Wednesday, September 28, 2016

To Seek A Newer World-The Trials And Tribulations Of The Non-Violence Path

To Seek A Newer World-The Trials And Tribulations Of The Non-Violence Path 

Frank Jackman comment:

Anna Riley my maternal grandmother was a great believer in the social message of the Catholic Worker movement, gave great credence to the essentially non-violent social change message that leaders like Dorothy Day had to say about pursuing the course. In my youth, my younger days, the idea of non-violent not passive like Tolstoy or even Gandhi but more on the assertive lines of the black civil right movement in the South that was unfolding before my eyes  seemingly every night on television held great sway over me. I have mentioned elsewhere that my very first public political street action demonstration had been a SANE-Quaker and other religious pacifistic organizations rally at historic Park Street Station on Boston Common around the struggle against nuclear weapons in the fall of 1960 (at a time when I was also campaigning like crazy to get one of our, Jack Kennedy, elected President, even though he was rattling the “missile gap” saber-go figure).        

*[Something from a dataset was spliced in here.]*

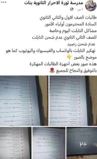 وقالت المدارس، إن السبب في مشاكل التابلت اليوم، هو تهكير التابلت بالواتساب والفيسبوك واليوتيوب، عدم شحن رصيد، وعدم شحن التابلت.

In retrospective those heady days when the black civil rights movement was carrying all before it were also the heydays of my belief in creative non-violent action. The time when whatever Doctor King and the other leadership said about bowing our heads before the aggressors held me in its thrall. Although, and here is my contradiction of the time if you will, I was enamored under the spell of my maternal grandfather, Daniel Riley, an ardent Irish nationalist of the struggle in Ireland that got its modern start around Easter, 1916. So let’s put it down that I was probably more tactically committed to non-violent actions (and under current circumstances still am with what I see of the disparity of forces on our side and leveled against us.

The great change, maybe of emphasis, maybe of getting older and wiser, and maybe, just maybe as a result of my truncated Army career which was a watershed of sorts since that service happened during the Vietnam War (where I didn’t go although I was 11 Bravo, an infantryman but that is a story also told elsewhere). The savagery of the American government against a small but real national liberation struggle which could not be fought any other way except under the gun led me away from even that previous total tactical acceptance that non-violent action could slay the evil dragon. And that stance has not changed much in the last forty years or so, although I wish those who can “keep the faith,” the faith of my youth, well.